The user will see integer values instead of the character literal in 
this case. I think that this is not a huge problem because: (1) 
characters are not likely to occur in the result of a program: they are 
often used in String manipulation, where the string will be rebuild 
(imploded) later. (2) In another Stratego applications the integer value 
can still be matched against a pattern with a character literal because 
a character literal is simply an int. (3) concrete syntax already makes 
the resulting aterms more difficult to compare with the Stratego code. I 
think the added distance between Stratego terms and ATerms is negligible.

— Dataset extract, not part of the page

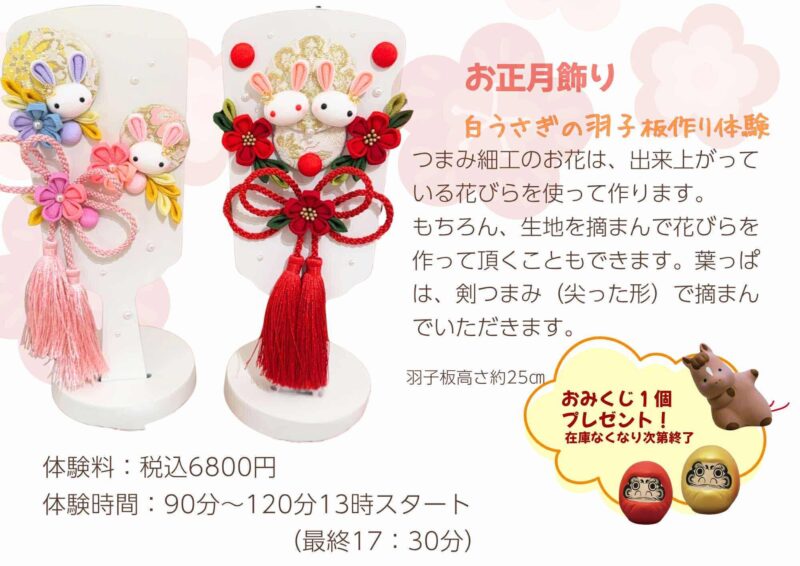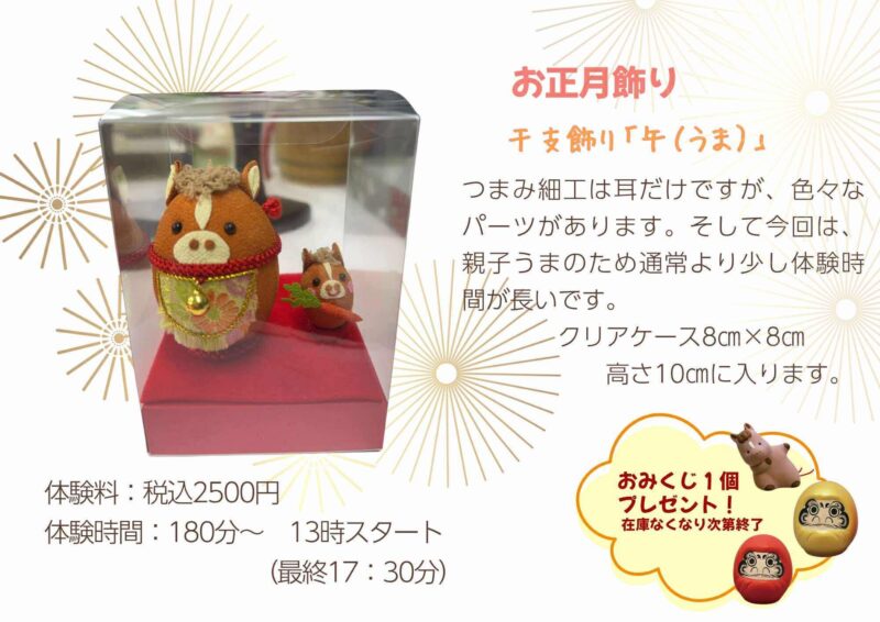 ※干支飾りはお子様にも大人気です。ただ、今回は親子うまなので体験時間が少し長くなります。小学生以下のお子様が参加される場合は必ず保護者の方同伴でサポートお願い致します。

<li>The single quote (apostrophe) is allowed in an identifier. This is a 
problem if the charachter in the literal is also an allowed charachter 
in an identifier. This introduces an ambiguity. However, an identifier 
like 'c' is very unlikely to occur and could be rejected by the SDF grammar.

</ul>

I'm currently writing strategies to rewrite XML entities and character 
references. I'm using overlays right now. This is already an 
improvement, but quite verbose.


<verbatim>
------------------------
rules

unescape-amp :
	[c_amp(), c_a(), c_m(), c_p(), c_semicolon() | cs] -> [c_amp() | cs]
unescape-lt :
	[c_amp(), c_l(), c_t(), c_semicolon() | cs] -> [c_lt() | cs]
unescape-gt :
	[c_amp(), c_g(), c_t(), c_semicolon() | cs] -> [c_gt() | cs]

overlays

	c_space() = 32
	c_quote() = 34
	c_amp()	= 38
	c_apos()  = 39
	c_0()	  = 48
	c_9()	  = 57
	c_semicolon() = 59
	c_numbersign() = 35
------------------------
</verbatim>

This would be possible with characters in Stratego:

<verbatim>
-----------------------------------
unescape-amp : ['&', 'a', 'm', 'p', ';' | cs] -> ['&' | cs]
unescape-lt  : ['&', 'l', 't', ';' | cs] -> ['<' | cs]
unescape-gt  : ['&', 'g', 't', ';' | cs] -> ['>' | cs]
-----------------------------------
</verbatim>

Of course (un)escaping is an example where the usefulness of character 
literals is huge. In general you won't use character literals a lot in 
Stratego. Because of the simplicity of the implementation I think that 
it is still worth the effort.

I would like to hear your opinion :-) .

-- Martin Bravenboer - 07 Dec 2002

Ok. I have added the following to the SDF definition of Stratego:

<verbatim>
----------------------------------------------------------------------
  lexical syntax
	 "\'" CharChar "\'"		-> Char
	 ~[\']			-> CharChar
	 [\\] [\'ntr\ ]		-> CharChar
	 Char		 	-> Id {reject}
 
  context-free syntax
	 Char				  -> Term {cons("Char")}
----------------------------------------------------------------------
</verbatim>

and the following desugaring rules to stratego-desugar:

<verbatim>
----------------------------------------------------------------------
  Desugar :
	 Char(c) -> Int(i)
	 where <DesugarChar <+ explode-string; DesugarCharGeneric> c => i

  DesugarCharGeneric :
	 [39, i, 39] -> i
  DesugarChar :
	 "'\\''" -> 39
  DesugarChar :
	 "'\\n'" -> 10
  DesugarChar :
	 "'\\t'" -> 9
  DesugarChar : // carriage return
	 "'\\r'" -> 13
  DesugarChar : // space
	 "'\\ '" -> 32
----------------------------------------------------------------------
</verbatim>

Note that the desugaring is done at the syntactic level as part of parsing.
This means that characters are pretty-printed as integers. This can be improved
later by shifting the desugaring until later in the process. This requires
deeper embedding of this notion in Stratego, though.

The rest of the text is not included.